**DATA RECORDS**

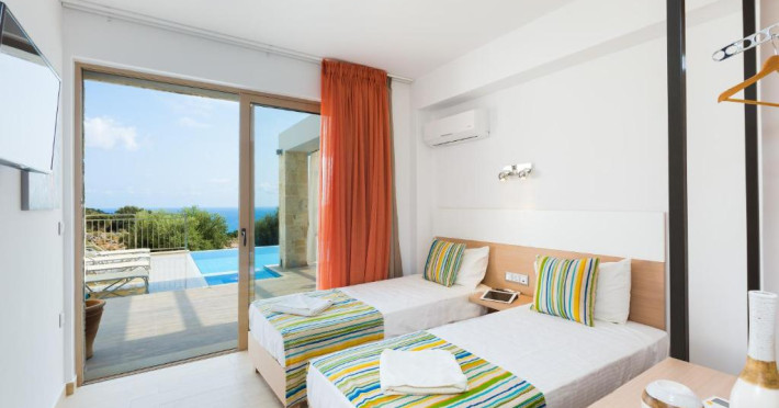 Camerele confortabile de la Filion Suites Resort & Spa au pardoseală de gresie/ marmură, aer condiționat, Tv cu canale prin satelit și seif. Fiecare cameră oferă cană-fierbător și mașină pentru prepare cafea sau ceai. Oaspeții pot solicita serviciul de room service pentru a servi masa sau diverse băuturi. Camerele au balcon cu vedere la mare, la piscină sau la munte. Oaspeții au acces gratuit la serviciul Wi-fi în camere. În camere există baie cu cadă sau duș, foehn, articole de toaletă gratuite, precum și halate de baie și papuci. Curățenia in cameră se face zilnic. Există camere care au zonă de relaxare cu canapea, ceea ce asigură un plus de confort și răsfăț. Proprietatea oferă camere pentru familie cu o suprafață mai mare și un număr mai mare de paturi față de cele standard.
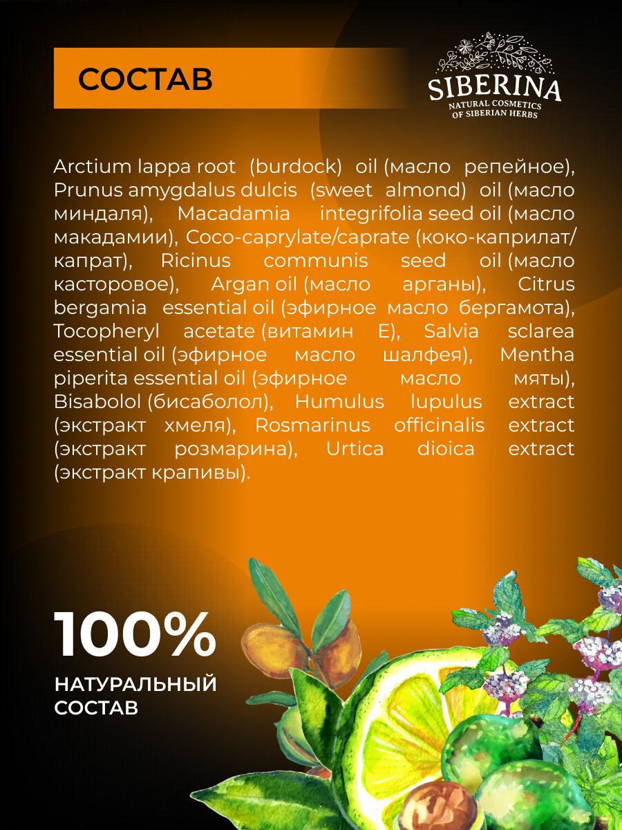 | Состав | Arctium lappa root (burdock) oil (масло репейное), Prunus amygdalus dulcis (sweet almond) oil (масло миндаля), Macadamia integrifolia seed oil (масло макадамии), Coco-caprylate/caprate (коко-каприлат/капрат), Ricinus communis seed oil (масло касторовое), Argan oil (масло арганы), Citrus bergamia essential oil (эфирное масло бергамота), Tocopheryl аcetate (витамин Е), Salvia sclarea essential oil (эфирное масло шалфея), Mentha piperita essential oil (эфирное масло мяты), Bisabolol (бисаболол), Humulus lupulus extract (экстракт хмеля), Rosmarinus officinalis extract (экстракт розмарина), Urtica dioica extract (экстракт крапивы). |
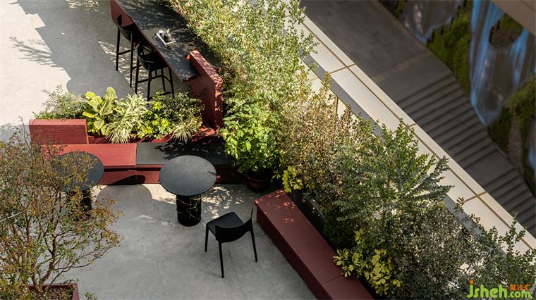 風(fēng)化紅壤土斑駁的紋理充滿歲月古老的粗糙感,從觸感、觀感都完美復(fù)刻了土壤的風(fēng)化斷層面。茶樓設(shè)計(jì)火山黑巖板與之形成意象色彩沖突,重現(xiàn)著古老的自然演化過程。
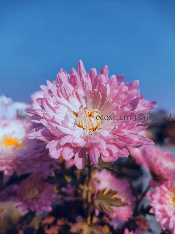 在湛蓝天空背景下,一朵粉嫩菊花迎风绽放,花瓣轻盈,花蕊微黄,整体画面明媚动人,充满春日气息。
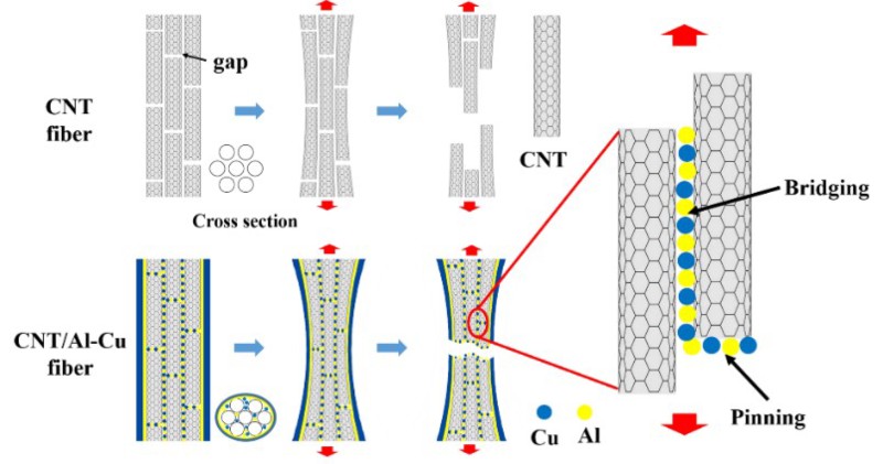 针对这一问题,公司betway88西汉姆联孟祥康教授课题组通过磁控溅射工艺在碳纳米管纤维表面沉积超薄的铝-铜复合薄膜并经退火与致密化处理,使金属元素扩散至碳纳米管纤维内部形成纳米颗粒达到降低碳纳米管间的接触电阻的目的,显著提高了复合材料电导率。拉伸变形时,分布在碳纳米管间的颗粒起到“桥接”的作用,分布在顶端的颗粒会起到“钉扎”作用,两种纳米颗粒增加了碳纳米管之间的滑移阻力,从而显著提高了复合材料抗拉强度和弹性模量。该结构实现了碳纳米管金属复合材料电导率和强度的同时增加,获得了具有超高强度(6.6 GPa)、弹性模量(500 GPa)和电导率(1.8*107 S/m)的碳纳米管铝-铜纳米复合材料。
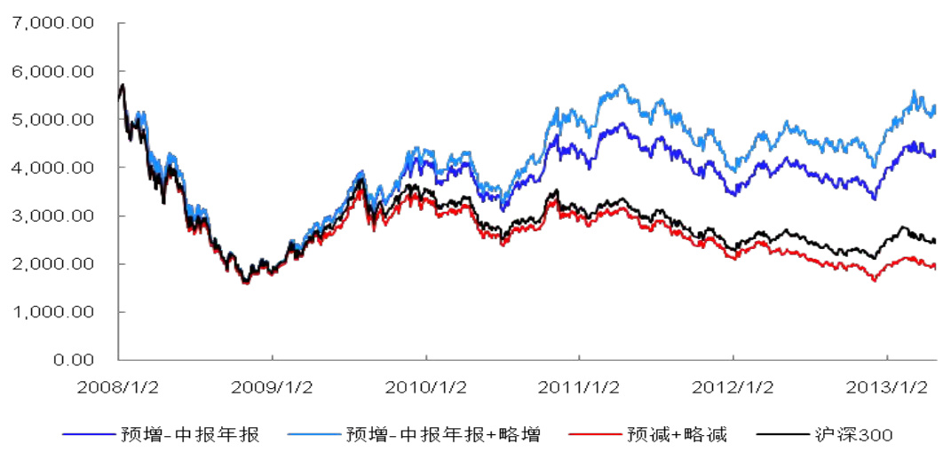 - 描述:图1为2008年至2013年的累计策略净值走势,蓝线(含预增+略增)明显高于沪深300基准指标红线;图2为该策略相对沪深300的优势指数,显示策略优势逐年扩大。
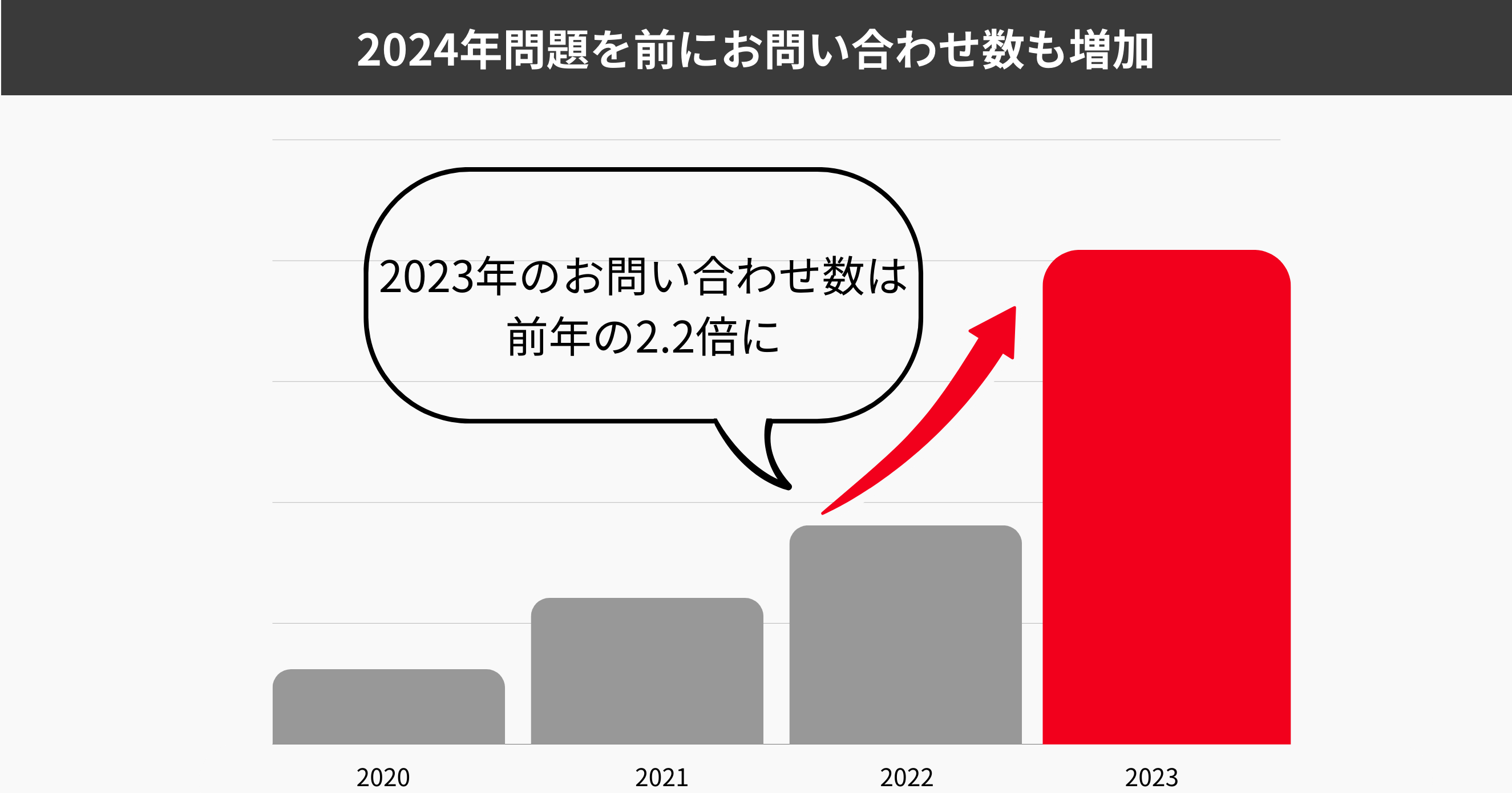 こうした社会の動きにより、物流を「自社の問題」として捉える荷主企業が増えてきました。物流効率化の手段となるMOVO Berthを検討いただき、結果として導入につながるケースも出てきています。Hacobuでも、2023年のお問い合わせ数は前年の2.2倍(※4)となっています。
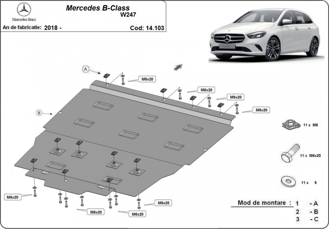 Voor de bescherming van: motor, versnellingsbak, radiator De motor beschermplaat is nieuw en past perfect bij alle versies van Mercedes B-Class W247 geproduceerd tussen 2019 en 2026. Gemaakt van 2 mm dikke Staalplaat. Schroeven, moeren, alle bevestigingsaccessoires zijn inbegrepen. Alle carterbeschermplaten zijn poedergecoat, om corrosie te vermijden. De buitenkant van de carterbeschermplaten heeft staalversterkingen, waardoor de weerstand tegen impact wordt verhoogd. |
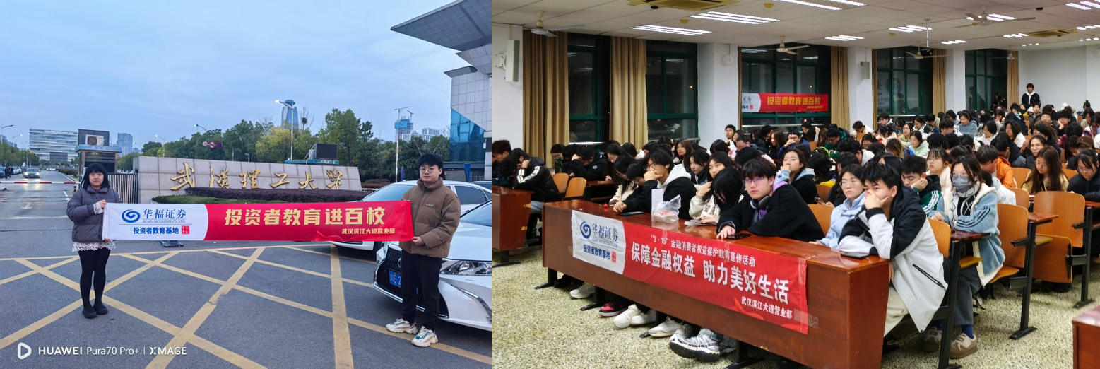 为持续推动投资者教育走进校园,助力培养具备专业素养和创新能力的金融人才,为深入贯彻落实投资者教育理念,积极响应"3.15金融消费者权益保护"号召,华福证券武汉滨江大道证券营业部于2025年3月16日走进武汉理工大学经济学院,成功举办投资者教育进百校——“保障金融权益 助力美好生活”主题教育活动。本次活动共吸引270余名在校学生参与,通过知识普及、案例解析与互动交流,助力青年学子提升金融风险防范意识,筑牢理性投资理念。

**WHAT YOU WILL DO**
The records above are to be transcribed in full, with images omitted.

**EXPECTED ANSWER**
 Camerele confortabile de la Filion Suites Resort & Spa au pardoseală de gresie/ marmură, aer condiționat, Tv cu canale prin satelit și seif. Fiecare cameră oferă cană-fierbător și mașină pentru prepare cafea sau ceai. Oaspeții pot solicita serviciul de room service pentru a servi masa sau diverse băuturi. Camerele au balcon cu vedere la mare, la piscină sau la munte. Oaspeții au acces gratuit la serviciul Wi-fi în camere. În camere există baie cu cadă sau duș, foehn, articole de toaletă gratuite, precum și halate de baie și papuci. Curățenia in cameră se face zilnic. Există camere care au zonă de relaxare cu canapea, ceea ce asigură un plus de confort și răsfăț. Proprietatea oferă camere pentru familie cu o suprafață mai mare și un număr mai mare de paturi față de cele standard.
 | Состав | Arctium lappa root (burdock) oil (масло репейное), Prunus amygdalus dulcis (sweet almond) oil (масло миндаля), Macadamia integrifolia seed oil (масло макадамии), Coco-caprylate/caprate (коко-каприлат/капрат), Ricinus communis seed oil (масло касторовое), Argan oil (масло арганы), Citrus bergamia essential oil (эфирное масло бергамота), Tocopheryl аcetate (витамин Е), Salvia sclarea essential oil (эфирное масло шалфея), Mentha piperita essential oil (эфирное масло мяты), Bisabolol (бисаболол), Humulus lupulus extract (экстракт хмеля), Rosmarinus officinalis extract (экстракт розмарина), Urtica dioica extract (экстракт крапивы). |
 風(fēng)化紅壤土斑駁的紋理充滿歲月古老的粗糙感,從觸感、觀感都完美復(fù)刻了土壤的風(fēng)化斷層面。茶樓設(shè)計(jì)火山黑巖板與之形成意象色彩沖突,重現(xiàn)著古老的自然演化過程。
 在湛蓝天空背景下,一朵粉嫩菊花迎风绽放,花瓣轻盈,花蕊微黄,整体画面明媚动人,充满春日气息。
 针对这一问题,公司betway88西汉姆联孟祥康教授课题组通过磁控溅射工艺在碳纳米管纤维表面沉积超薄的铝-铜复合薄膜并经退火与致密化处理,使金属元素扩散至碳纳米管纤维内部形成纳米颗粒达到降低碳纳米管间的接触电阻的目的,显著提高了复合材料电导率。拉伸变形时,分布在碳纳米管间的颗粒起到“桥接”的作用,分布在顶端的颗粒会起到“钉扎”作用,两种纳米颗粒增加了碳纳米管之间的滑移阻力,从而显著提高了复合材料抗拉强度和弹性模量。该结构实现了碳纳米管金属复合材料电导率和强度的同时增加,获得了具有超高强度(6.6 GPa)、弹性模量(500 GPa)和电导率(1.8*107 S/m)的碳纳米管铝-铜纳米复合材料。
 - 描述:图1为2008年至2013年的累计策略净值走势,蓝线(含预增+略增)明显高于沪深300基准指标红线;图2为该策略相对沪深300的优势指数,显示策略优势逐年扩大。
 こうした社会の動きにより、物流を「自社の問題」として捉える荷主企業が増えてきました。物流効率化の手段となるMOVO Berthを検討いただき、結果として導入につながるケースも出てきています。Hacobuでも、2023年のお問い合わせ数は前年の2.2倍(※4)となっています。
 Voor de bescherming van: motor, versnellingsbak, radiator De motor beschermplaat is nieuw en past perfect bij alle versies van Mercedes B-Class W247 geproduceerd tussen 2019 en 2026. Gemaakt van 2 mm dikke Staalplaat. Schroeven, moeren, alle bevestigingsaccessoires zijn inbegrepen. Alle carterbeschermplaten zijn poedergecoat, om corrosie te vermijden. De buitenkant van de carterbeschermplaten heeft staalversterkingen, waardoor de weerstand tegen impact wordt verhoogd. |
 为持续推动投资者教育走进校园,助力培养具备专业素养和创新能力的金融人才,为深入贯彻落实投资者教育理念,积极响应"3.15金融消费者权益保护"号召,华福证券武汉滨江大道证券营业部于2025年3月16日走进武汉理工大学经济学院,成功举办投资者教育进百校——“保障金融权益 助力美好生活”主题教育活动。本次活动共吸引270余名在校学生参与,通过知识普及、案例解析与互动交流,助力青年学子提升金融风险防范意识,筑牢理性投资理念。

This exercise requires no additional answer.